White indulges a life worthy of mogul status. His idea of a vacation is renting a 377-foot yacht for $2.8 million per week. White’s Vegas home — which he shares with Anne, his wife of 30 years (they met in middle school) and three kids — has nine bedrooms and sits on a compound said to be worth $60 million. H drives a Ferrari Testarossa, customized Maybach van and a Barracuda muscle car from 1971.
“Obviously, with the UFC, he’s flying on private jets,” Thomsen added.
But massive wealth has not made White, 56, soft. This past May, at the White House Correspondents Dinner, when Secret Service agents rushed in brandishing automatic weapons and demanding that everyone get down, White remained on his feet, standing alongside Pete Hegseth.
Soon after, in conversation with the New Yorker’s David Remnick, White said of the mayhem, “I’m never a ‘get down’ kind of guy. If there’s something going on here, I got bad news for my family — it’s going to be a closed casket, because I’m not getting shot in the back laying on the ground.”
Born in Connecticut, White was in third grade when he moved with his sister and mother, a nurse who raised them solo, to Vegas. He squeaked through high school before dropping out of college twice.
White landed in Boston during the late 1980s, gettin into boxing and the gym business. By the early ’90s, he was back in Vegas with the hopes of eluding violent mobster Whitey Bulger and a $2,500 debt that he could not pay. There, he became the jiu-jitsu trainer of choice for casino bosses and managed MMA fighters Tito Ortiz and Chuck Liddell.
He also reunited with high school chum Lorenzo Fertitta and his brother Frank, who were running Station Casinos. When White found out that UFC was for sale, he got the Fertittas to put up $2 million to buy it.
A quandary over the brand launched White’s friendship with Trump. With UFC having been characterized as “human cock fighting” by critics and banned in 36 states, finding a place to hold fights was tough.
“Dana went to a couple of venues and they shot him down,” said Burt Watson, who began working on logistics for UFC soon after White took over. “He wound up in Atlantic City, talking to Trump, and Trump said, ‘What the hell, I’ll give it to you.’ He gave us the venue and, with that, we got a little television deal. And he showed up at two of the [first] fights.”
Watson said the two men have something in common, for better or worse: “Neither one takes no for an answer.”
The money did not gush in immediately.
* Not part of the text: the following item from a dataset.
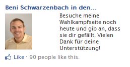 - Der Grünliberale Beni Schwarzenbach habe ich auch ohne Link vom Wahlflyer gefunden – er nimmt sein Glück selber in die Hand und schaltet Facebook Anzeigen:

During the nascent days of UFC, White continued to run his Vegas gym and personally train select clients.
“I worked out there and wrote him a $40 check for an hour of training,” recalled “Whale Hunt in the Desert” author Cyr. “The day he got the check, he ran to the bank and cashed it or sent his assistant to do it. He was too broke to put gas in his car. Now he’s a billionaire. That shows how good of a businessman he is.”
The sport’s popularity has certainly been helped by the pugnacious White serving as the face of the fights.
“How many guys do you see running billion dollar companies and dropping F-bombs the way Dana does?” asked Watson. “He talks smack and fits into this whole crowd. He helps put their butts into seats.”
Former UFC Randy Couture said he knows White’s secret to success.
“He’s savvy, he understands people, he stays focused and he is gregarious. Dana understands the market and he understands the sport. He’s not a d–k — unless you piss him off,” Couture told The post. “And then he is an absolute d–k.”